■ **What needs to be done**: Output each entry verbatim. Leave the images out.

■ **Data under study**:
***

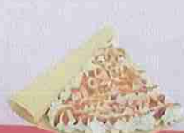
キャラメル生クリーム caramel fresh cream ¥400
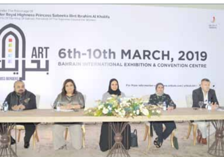
• مبادرة فن البحرين عبر الحدود تدعم تطوير الصناعات الحرفية ومنتجات الأسر البحرينية

وأوضحت أن هذه المبادرة تأتي كثمرة للتعاون والشراكة بين ”تمكين“
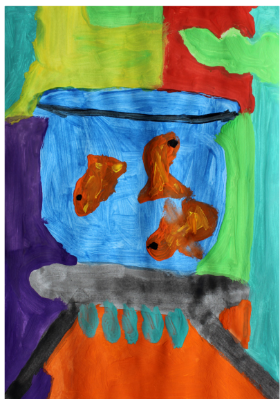
Paskal Rojko, 3. a
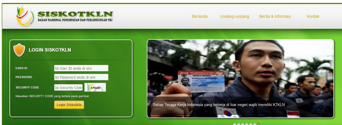
Gambar 1. Login SISKOTKLN

Kepala bagian BP3TKI/P4TKI/LP3TKI dapat mengajukan user baru dan menonaktifkan user yang sudah tidak aktif, dengan mengakses alamat http://siskotkln.bnp2tki.go.id/ dan login menggunakan User ID dan Password yang telah diberikan oleh BNP2TKI, seperti pada gambar berikut.
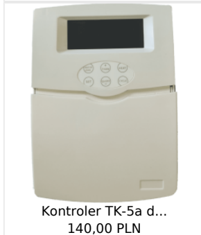
Kontroler TK-5a d... 140,00 PLN
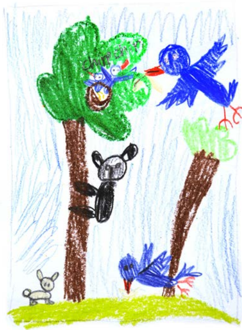
Aliyah Sobhani, 8 éves
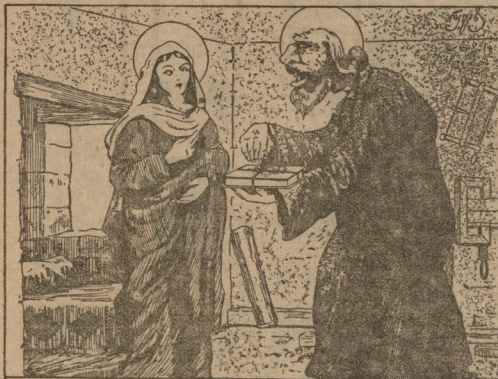
იოსებ დუბაღლი („ღვთისმშობელ მარიამს) — უნდ შემოავიკვდე, ჩემო მშენიერო გოგონას მამა, სამაგიეროო ხ საჩუქარი ჩემვანს!
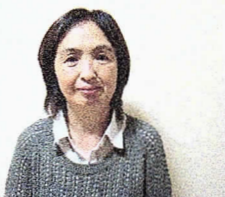
クラブマネージャー副
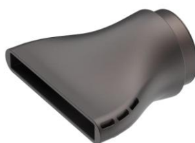
CONCENTRATEUR RAPIDE BUSE MAGNETIQUE 360°

Diffuseur pour la définition d'ondulations et de boucles.
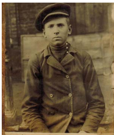
Таким был мой папа в 1917 году, 17-ти лет от роду...
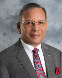
國際扶輪社長雷文壯
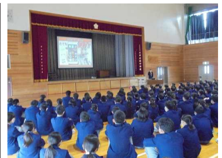
【情報モラル教室のようす】
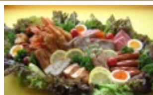
洋風オードブル (要予約) 7,700円

***

■ **Answer to the problem**:
キャラメル生クリーム caramel fresh cream ¥400
• مبادرة فن البحرين عبر الحدود تدعم تطوير الصناعات الحرفية ومنتجات الأسر البحرينية

وأوضحت أن هذه المبادرة تأتي كثمرة للتعاون والشراكة بين ”تمكين“
Paskal Rojko, 3. a
Gambar 1. Login SISKOTKLN

Kepala bagian BP3TKI/P4TKI/LP3TKI dapat mengajukan user baru dan menonaktifkan user yang sudah tidak aktif, dengan mengakses alamat http://siskotkln.bnp2tki.go.id/ dan login menggunakan User ID dan Password yang telah diberikan oleh BNP2TKI, seperti pada gambar berikut.
Kontroler TK-5a d... 140,00 PLN
Aliyah Sobhani, 8 éves
იოსებ დუბაღლი („ღვთისმშობელ მარიამს) — უნდ შემოავიკვდე, ჩემო მშენიერო გოგონას მამა, სამაგიეროო ხ საჩუქარი ჩემვანს!
クラブマネージャー副
CONCENTRATEUR RAPIDE BUSE MAGNETIQUE 360°

Diffuseur pour la définition d'ondulations et de boucles.
Таким был мой папа в 1917 году, 17-ти лет от роду...
國際扶輪社長雷文壯
【情報モラル教室のようす】
洋風オードブル (要予約) 7,700円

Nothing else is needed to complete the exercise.